Top of Information shown

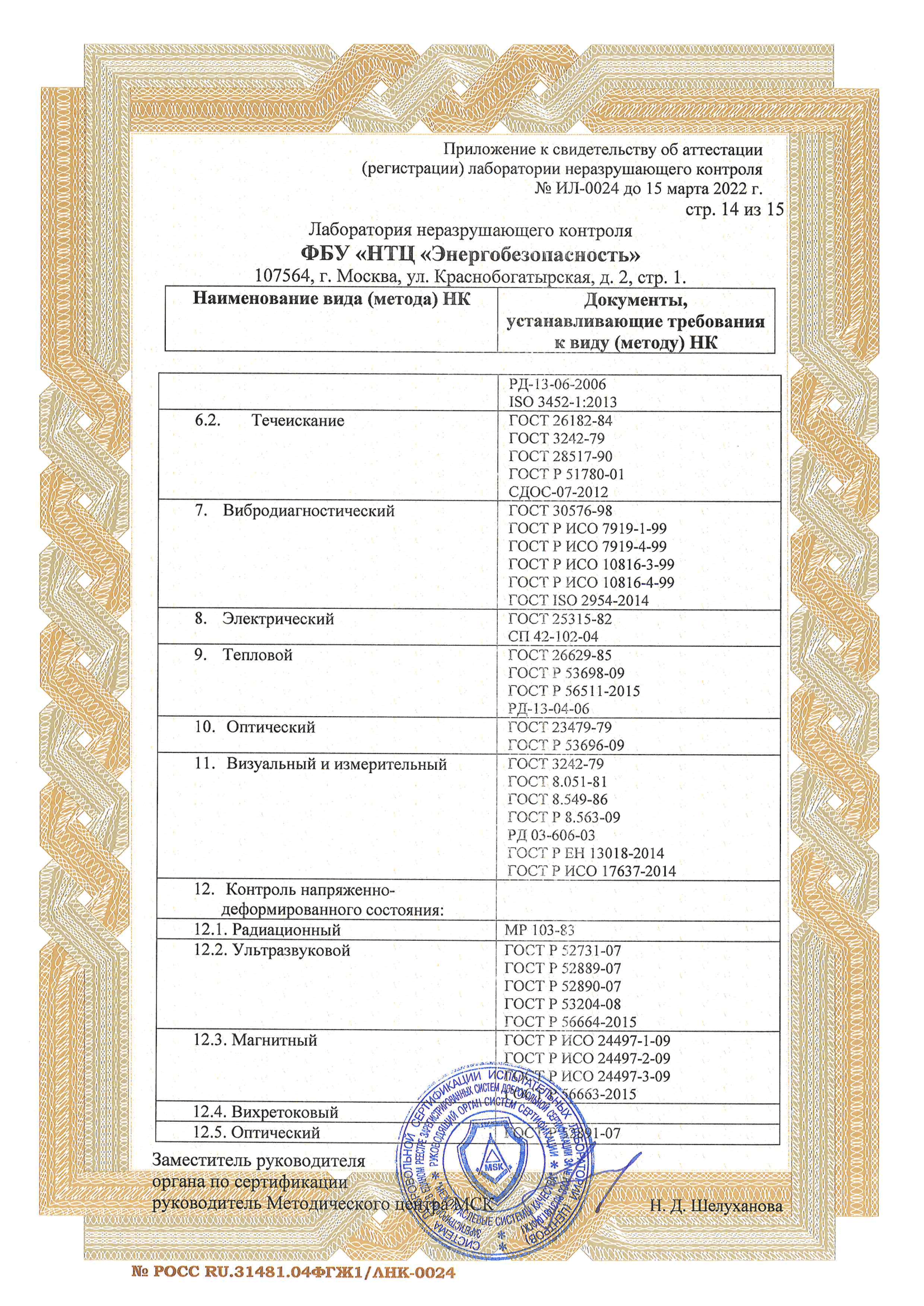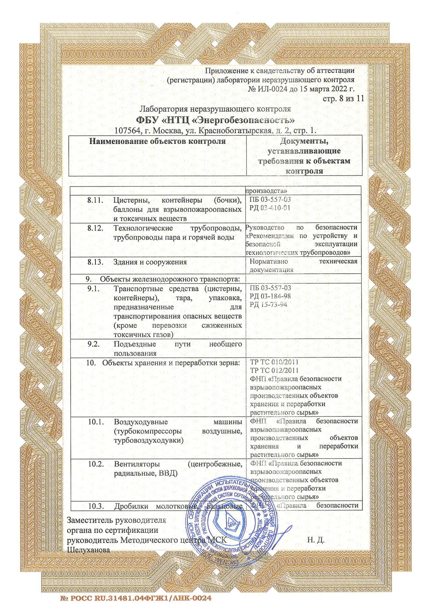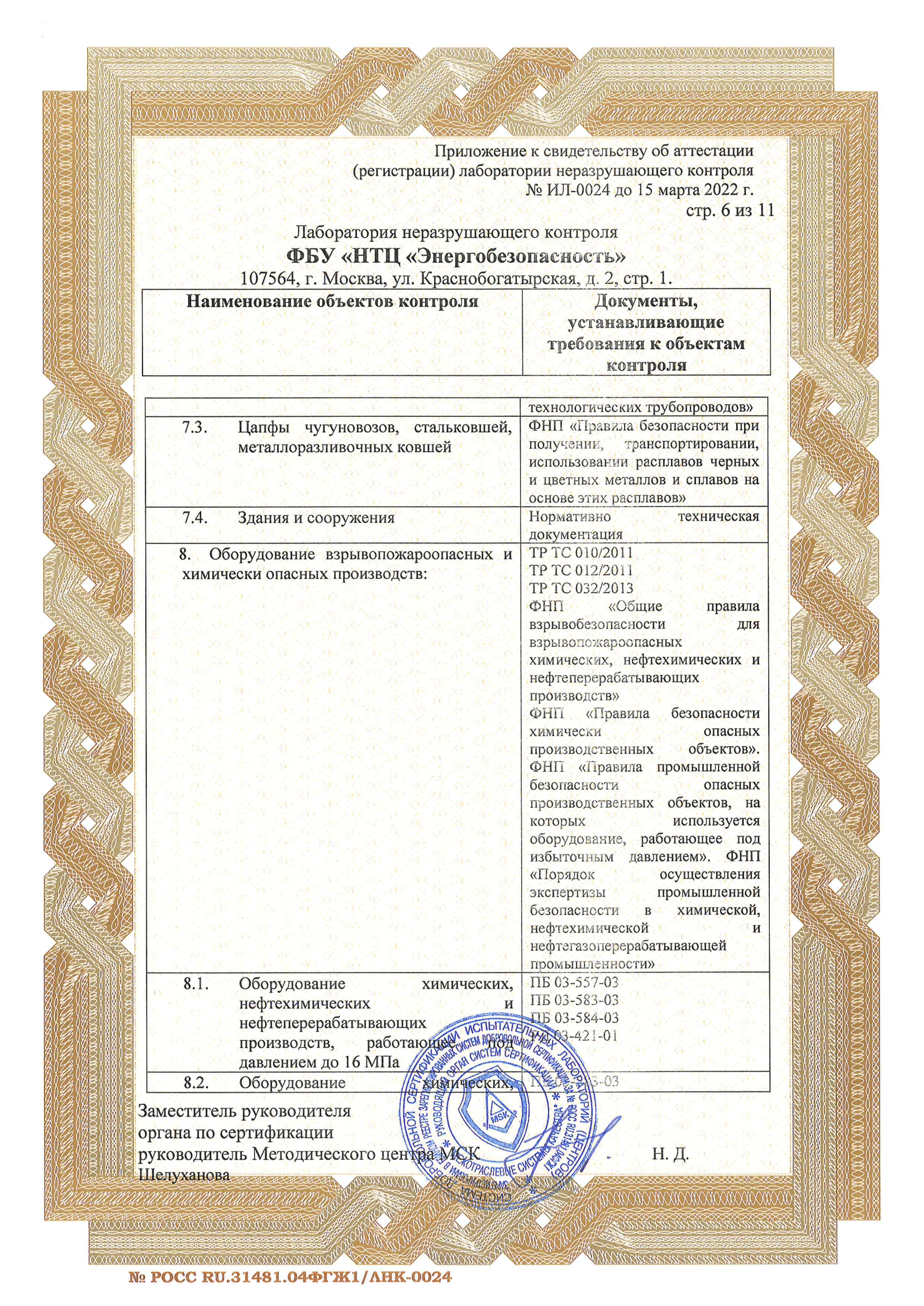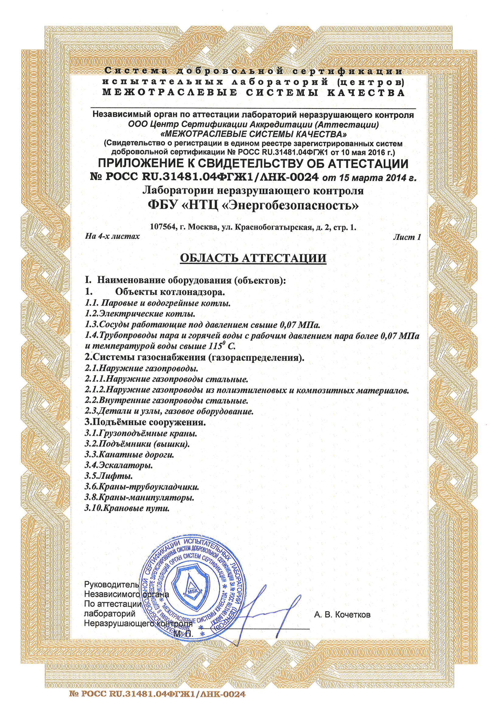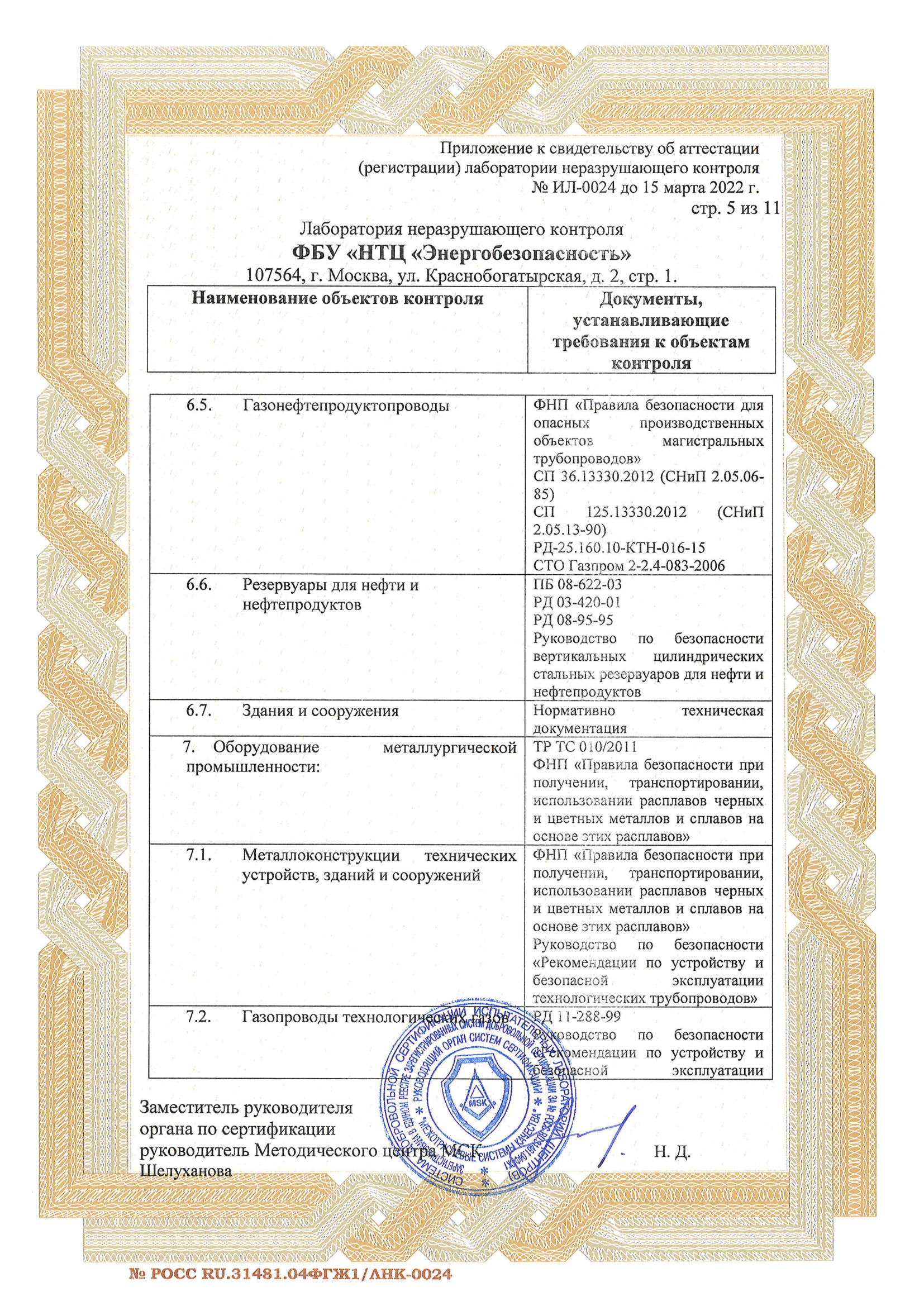 - Технические, лабораторные и прочие измерения для обеспечения контроля и надзора за ГТС, ОПО и объектами электроэнергетики.
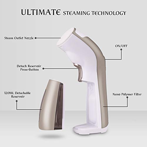 - [Eficiente y rápido] El voltaje de la Plancha Vertical Viaje es de 900W. Viene con un tanque de agua extraíble de 120 ml. Cada relleno se puede rociar continuamente durante aproximadamente 10 minutos con solo 25 segundos de precalentamiento. El vapor a alta presión plancha rápidamente y elimina los olores de la ropa.
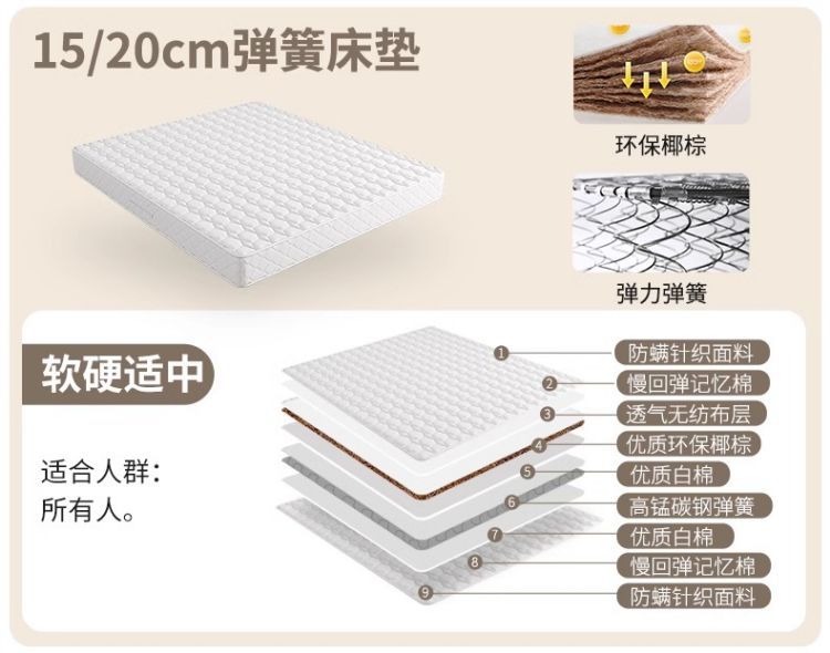 • 싱글 침대 코코넛 팜 매트리스 2 캐비닛

Bottom of Information shown

Exercise requirements -
When you restate the listing, keep every word as it is and drop the pictures.

Output for this task -
 - Технические, лабораторные и прочие измерения для обеспечения контроля и надзора за ГТС, ОПО и объектами электроэнергетики.
 - [Eficiente y rápido] El voltaje de la Plancha Vertical Viaje es de 900W. Viene con un tanque de agua extraíble de 120 ml. Cada relleno se puede rociar continuamente durante aproximadamente 10 minutos con solo 25 segundos de precalentamiento. El vapor a alta presión plancha rápidamente y elimina los olores de la ropa.
 • 싱글 침대 코코넛 팜 매트리스 2 캐비닛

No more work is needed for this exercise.